There’s a big difference between removal of a protocol that every single C* 
user had to use and disabling a feature which is objectively broken and almost 
nobody is using.  Nobody is talking about removing MVs.  If you want to use 
them you can enable them very trivially, but it should be an explicit option 
because they really aren’t ready for general use.

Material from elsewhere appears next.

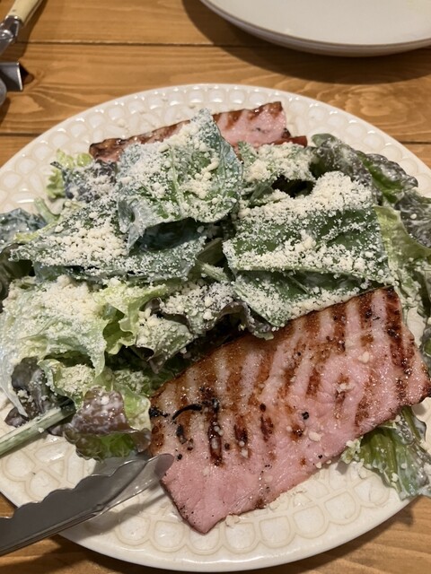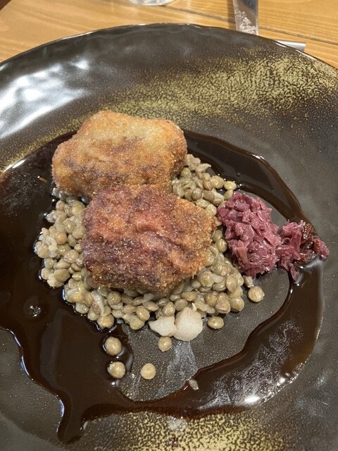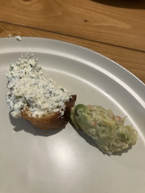 ○蟹とアボガドのタルタル・バケット添え タルタル系にバケット、鉄板です。蟹の風味にアボガドの脂感、ツマミに最高です。 ○自家製ベーコンシーザーサラダ フリルレタスと大きいベーコンが特徴的。自家製ベーコン美味かったです。だから大きめカットなんだなと。 ○オニオングラタンスープ ○... 詳細を見る
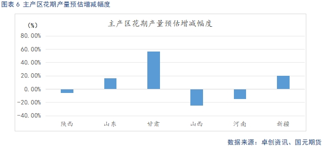據(jù)卓創(chuàng)資訊對(duì)坐果期套袋調(diào)研,新季各產(chǎn)區(qū)有增有減。整體來看,2024年預(yù)估產(chǎn)量3871萬噸,較2023年3557萬噸的產(chǎn)量,增產(chǎn)8.98%。今年花期,氣候條件良好,果面質(zhì)量和果個(gè)較去年均有上升,后續(xù)仍需關(guān)注生長(zhǎng)期天氣狀況,如未遭遇干旱、冰雹等自然災(zāi)害的影響,實(shí)際產(chǎn)量會(huì)比預(yù)估進(jìn)一步上調(diào)。

Claiming disabling by default == removal is not helpful to the conversation and 
is very misleading.  

Let’s be practical here.  The people that are most likely to put MVs in 
production right now are people new to Cassandra that don’t know any better.  
The people that *should* be using MVs are the contributors to the project.  
People that actually wrote Cassandra code that can do a patch and push it into 
prod, and get it submitted upstream when they fix something.  Yes, a lot of 
this stuff requires production usage to shake out the bugs, that’s fine, but we 
shouldn’t lie to people and say “feature X is ready” when it’s not.  That’s a 
great way to get a reputation as “unstable” or “not fit for production."

Jon


> On Oct 2, 2017, at 11:54 AM, DuyHai Doan <doanduy...@gmail.com> wrote:
> 
> "I would (in a patch release) disable MV CREATE statements, and emit
> warnings for ALTER statements and on schema load if they’re not explicitly
> enabled"
> 
> --> I find this pretty extreme. Now we have an existing feature sitting
> there in the base code but forbidden from version xxx onward.
> 
> Since when do we start removing feature in a patch release ? (forbidding to
> create new MV == removing the feature, defacto)
> 
> Even the Thrift protocol has gone through a long process of deprecation and
> will be removed on 4.0
> 
> And if we start opening the Pandora box like this, what's next ? Forbidding
> to create SASI index too ? Removing Vnodes ?
> 
> 
> 
> 
> On Mon, Oct 2, 2017 at 8:16 PM, Jeremiah D Jordan <jeremiah.jor...@gmail.com
>> wrote:
> 
>>> Only emitting a warning really reduces visibility where we need it: in
>> the development process.
>> 
>> How does emitting a native protocol warning reduce visibility during the
>> development process?  If you run CREATE MV and cqlsh then prints out a
>> giant warning statement about how it is an experimental feature I think
>> that is pretty visible during development?
>> 
>> I guess I can see just blocking new ones without a flag set, but we need
>> to be careful here.  We need to make sure we don’t cause a problem for
>> someone that is using them currently, even with all the edge cases issues
>> they have now.
>> 
>> -Jeremiah
>> 
>> 
>>> On Oct 2, 2017, at 2:01 PM, Blake Eggleston <beggles...@apple.com>
>> wrote:
>>> 
>>> Yeah, I'm not proposing that we disable MVs in existing clusters.
>>> 
>>> 
>>> On October 2, 2017 at 10:58:11 AM, Aleksey Yeshchenko (alek...@apple.com)
>> wrote:
>>> 
>>> The idea is to check the flag in CreateViewStatement, so creation of new
>> MVs doesn’t succeed without that flag flipped.
>>> 
>>> Obviously, just disabling existing MVs working in a minor would be silly.
>>> 
>>> As for the warning - yes, that should also be emitted. Unconditionally.
>>> 
>>> —
>>> AY
>>> 
>>> On 2 October 2017 at 18:18:52, Jeremiah D Jordan (
>> jeremiah.jor...@gmail.com) wrote:
>>> 
>>> These things are live on clusters right now, and I would not want
>> someone to upgrade their cluster to a new *patch* release and suddenly
>> something that may have been working for them now does not function.
>> Anyway, we need to be careful about how this gets put into practice if we
>> are going to do it retroactively.